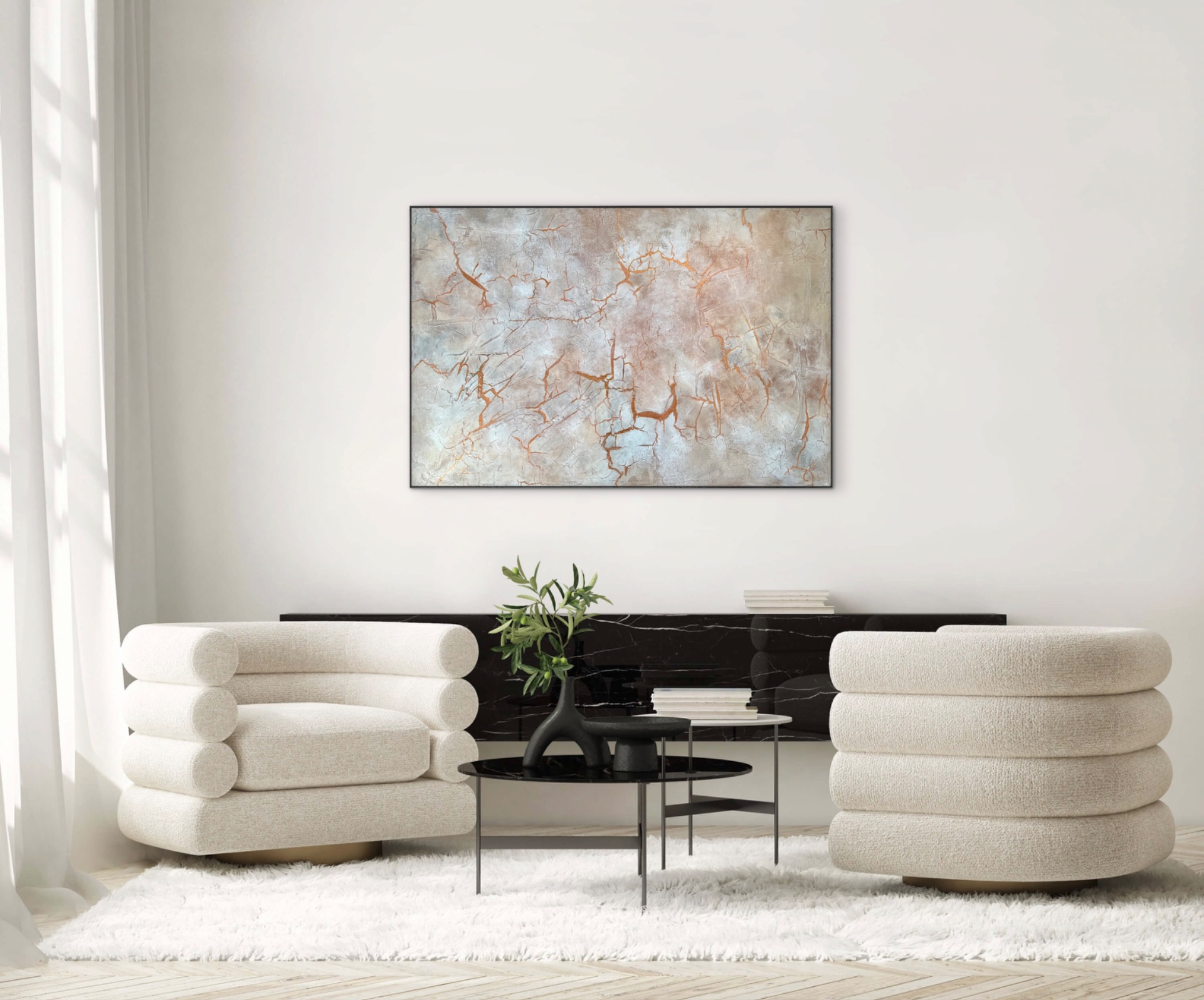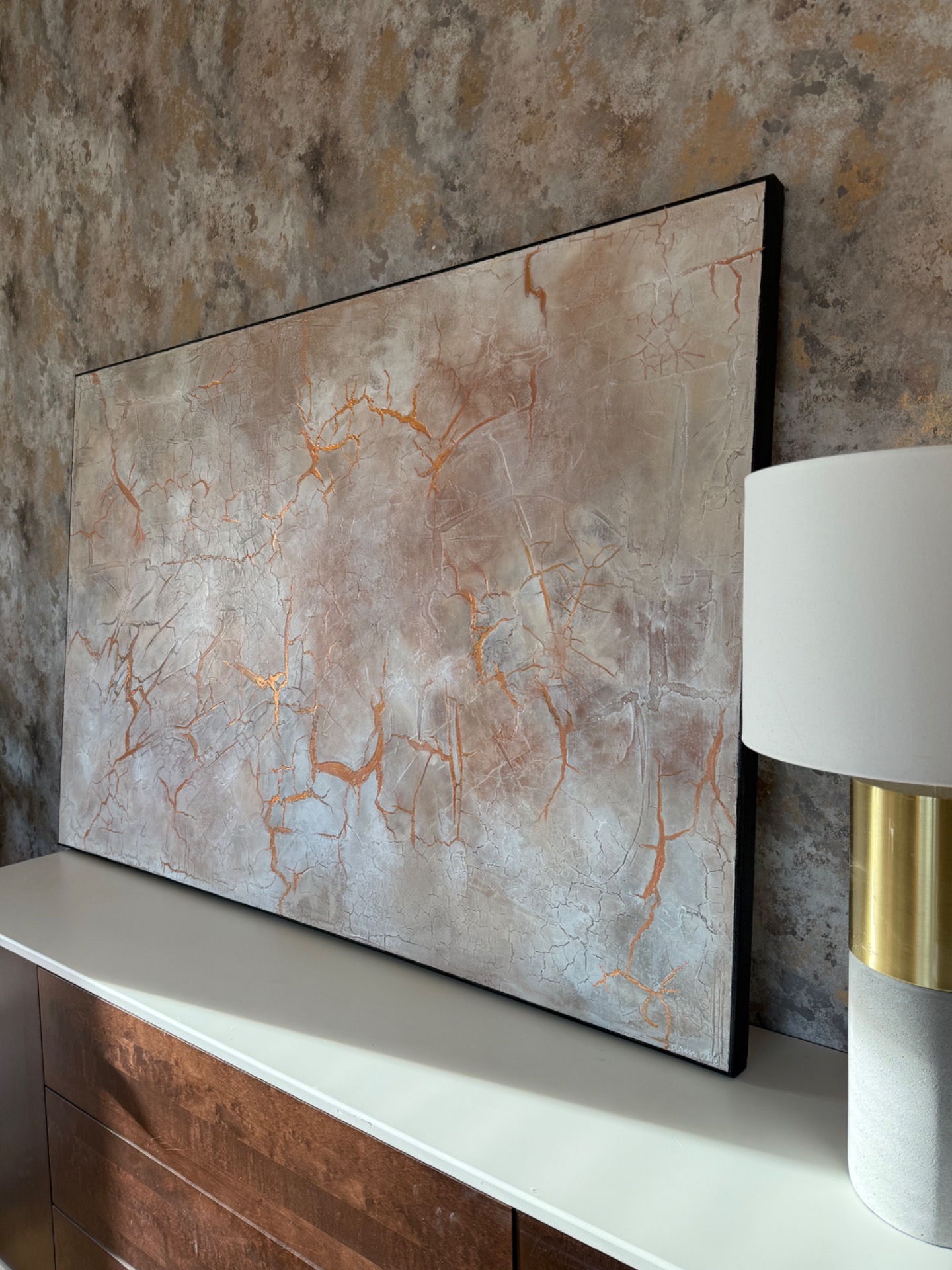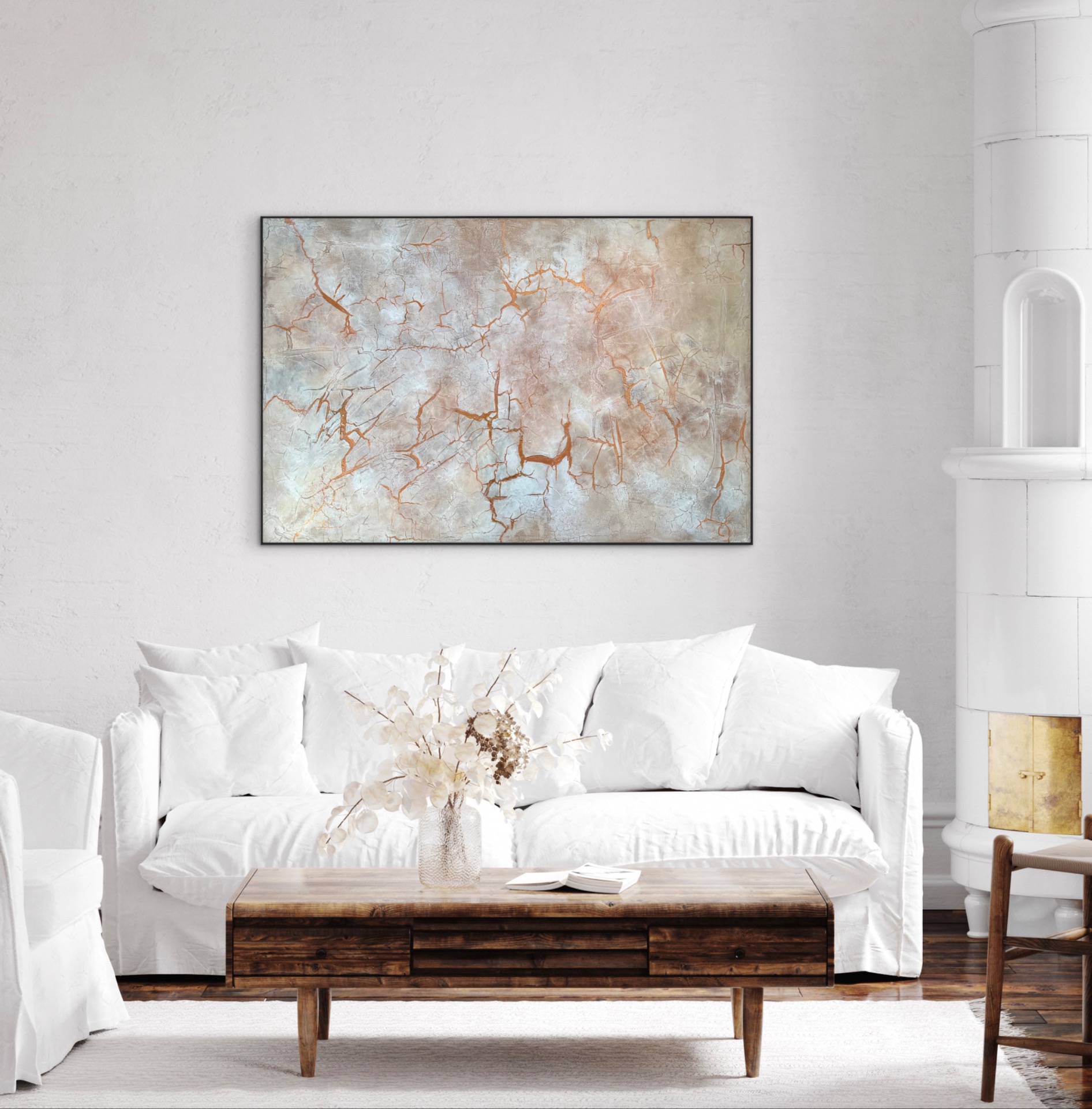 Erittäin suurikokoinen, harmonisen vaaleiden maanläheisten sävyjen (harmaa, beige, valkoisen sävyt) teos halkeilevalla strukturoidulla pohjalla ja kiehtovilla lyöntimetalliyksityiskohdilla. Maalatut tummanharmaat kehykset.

--

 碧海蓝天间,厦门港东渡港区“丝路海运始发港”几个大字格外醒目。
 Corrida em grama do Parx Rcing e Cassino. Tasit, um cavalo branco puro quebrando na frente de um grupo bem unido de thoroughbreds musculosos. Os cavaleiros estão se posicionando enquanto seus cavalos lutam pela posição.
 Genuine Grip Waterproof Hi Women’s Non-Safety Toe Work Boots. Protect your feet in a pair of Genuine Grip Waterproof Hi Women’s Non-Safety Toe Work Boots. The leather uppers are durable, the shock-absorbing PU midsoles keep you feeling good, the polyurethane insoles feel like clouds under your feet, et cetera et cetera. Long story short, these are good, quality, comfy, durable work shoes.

==

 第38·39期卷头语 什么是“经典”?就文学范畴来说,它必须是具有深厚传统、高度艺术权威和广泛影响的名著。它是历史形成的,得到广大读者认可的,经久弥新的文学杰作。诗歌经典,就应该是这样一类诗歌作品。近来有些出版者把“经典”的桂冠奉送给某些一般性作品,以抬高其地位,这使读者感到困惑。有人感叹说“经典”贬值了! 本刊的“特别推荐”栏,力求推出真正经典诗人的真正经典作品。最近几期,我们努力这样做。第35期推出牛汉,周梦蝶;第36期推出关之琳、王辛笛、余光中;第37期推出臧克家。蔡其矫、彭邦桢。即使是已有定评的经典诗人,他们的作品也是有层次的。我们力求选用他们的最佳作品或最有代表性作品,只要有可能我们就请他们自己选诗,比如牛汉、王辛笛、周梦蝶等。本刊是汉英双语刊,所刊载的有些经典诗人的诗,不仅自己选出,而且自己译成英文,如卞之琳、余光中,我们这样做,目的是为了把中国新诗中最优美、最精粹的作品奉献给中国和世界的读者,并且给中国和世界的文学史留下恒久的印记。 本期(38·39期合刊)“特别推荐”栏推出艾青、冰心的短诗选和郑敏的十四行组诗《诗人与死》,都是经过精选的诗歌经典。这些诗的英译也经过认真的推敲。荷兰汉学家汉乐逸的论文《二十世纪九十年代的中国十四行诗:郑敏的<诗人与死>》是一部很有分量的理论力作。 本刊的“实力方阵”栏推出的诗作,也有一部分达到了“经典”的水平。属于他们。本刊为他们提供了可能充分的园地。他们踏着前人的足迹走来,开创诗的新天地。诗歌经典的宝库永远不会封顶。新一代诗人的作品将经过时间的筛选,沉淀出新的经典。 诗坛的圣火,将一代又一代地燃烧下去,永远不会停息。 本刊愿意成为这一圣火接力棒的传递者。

> _Task requirements_: Beginning at the line with "Corrida em grama" and stopping after the line with "durable work shoes.", please write out every line of the data above exactly and nothing else.

> _Task result_:
 Corrida em grama do Parx Rcing e Cassino. Tasit, um cavalo branco puro quebrando na frente de um grupo bem unido de thoroughbreds musculosos. Os cavaleiros estão se posicionando enquanto seus cavalos lutam pela posição.
 Genuine Grip Waterproof Hi Women’s Non-Safety Toe Work Boots. Protect your feet in a pair of Genuine Grip Waterproof Hi Women’s Non-Safety Toe Work Boots. The leather uppers are durable, the shock-absorbing PU midsoles keep you feeling good, the polyurethane insoles feel like clouds under your feet, et cetera et cetera. Long story short, these are good, quality, comfy, durable work shoes.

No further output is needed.